En sus novelas especula siempre con la importancia que tiene una decisión mínima a la hora de cambiar una vida. Lo aprendió siendo adolescente, un verano que estaba en un campamento y un día vio cómo, en mitad de una gran tormenta, caía un rayo y mataba a un muchacho a unos pocos metros de donde él estaba. Y tuvo la prueba definitiva el día que conoció a Siri Hustvedt, su esposa. Él se había divorciado poco antes, regresaba de un viaje y no tenía muchas ganas de salir, pero estaba invitado a una lectura poética protagonizada por una mujer con la que tiempo atrás había tenido una relación. Cuando llegó a la sala, vio que no conocía a nadie, hasta que entró un joven con quien había coincidido en unas clases, acompañado por una muchacha muy bella, que supuso que era su novia. Se acercó a saludar al chico, quien le presentó a la joven. Justo cuando él pensaba despedirse y regresar a su casa vio cómo el chico se separaba de ambos y se iba a charlar con otra persona. Entonces entendió que no eran novios. «Desde aquella tarde, Siri y yo no nos hemos separado», explicó el lunes. Y se preguntó: «¿Qué habría sido de mi vida en estos 36 años si me hubiese despedido de ellos medio minuto antes?»

8. La poesía

No solo es novelista y guionista. Auster ha escrito relatos, libros autobiográficos… y poesía. La editorial Seix Barral, que ahora publica ‘4 3 2 1’, lanzó hace unos años un volumen con su ‘Poesía completa’. Ahí está, entre otros, su poema ‘Habla de fuego’, que termina así: «He llegado tan lejos/ por ti: la voz/ cuyo eco resuena en mí/ ya no es la mía».

9. Sus muchos premios

No es que los galardones añadan valor a una obra literaria pero el hecho de que un autor esté en posesión de muchos e importantes premios siempre es significativo. Auster ganó el Príncipe de Asturias de las Letras en 2006, el Médicis en 1993 y es comandante de la Orden de las Artes y las Letras de Francia. ‘4 3 2 1’ está en la ‘lista larga’ (compuesta por trece títulos, los finalistas se conocerán en octubre) para el Booker Prize, el más relevante galardón concedido a una sola obra de la literatura en inglés. Desde hace no menos de diez años figura en puestos relevantes en las apuestas para el Nobel de Literatura.

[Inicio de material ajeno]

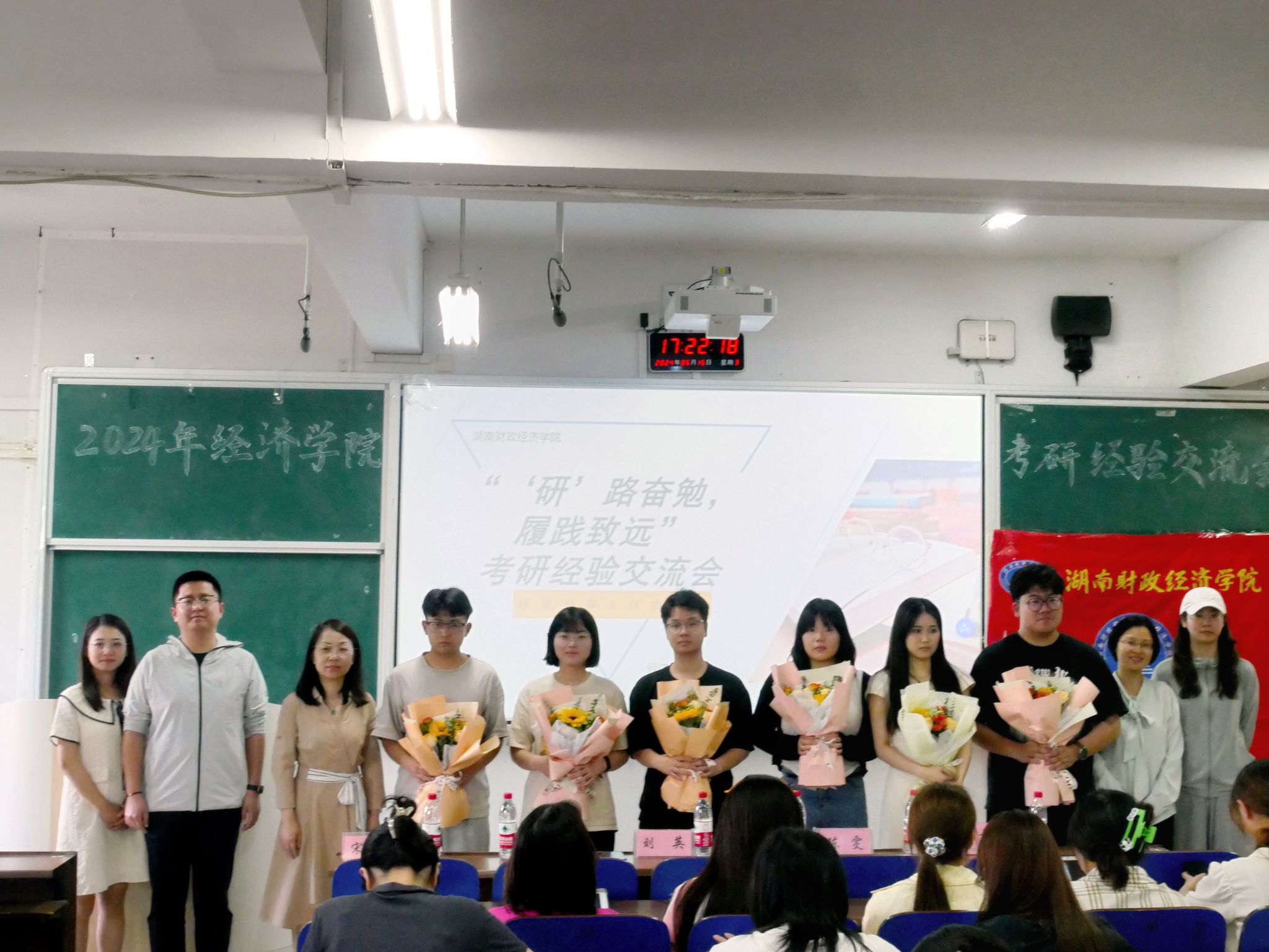 (本网讯)为激发学生的考研热情,增强学生考研的信心和决心,创造良好的学习氛围,推动我院的学风建设。经济学院于5月15日15:00在三教3110教室成功举办了“‘研’路奋勉,履践致远”考研经验分享会。本次经验分享会特邀我院2020级优秀的考研学生代表分享考研经验,经济学院党委副书记刘英、副院长陈雯、学工负责人谢龙、全体辅导员以及21、22级有考研意向的同学出席本次会议。

10. Por su gran calidad narrativa

Auster ha sido siempre un narrador directo y eficaz, con un dominio muy grande de los recursos narrativos y una elevada capacidad para introducir voces narrativas y alterar los tiempos. En ‘4 3 2 1’ sublima todo eso pero cambia el estilo. Aquí las frases son más largas y elaboradas y el eje narrativo se articula en torno a un tiempo fragmentado y paralelo que sin embargo no se hace de difícil lectura.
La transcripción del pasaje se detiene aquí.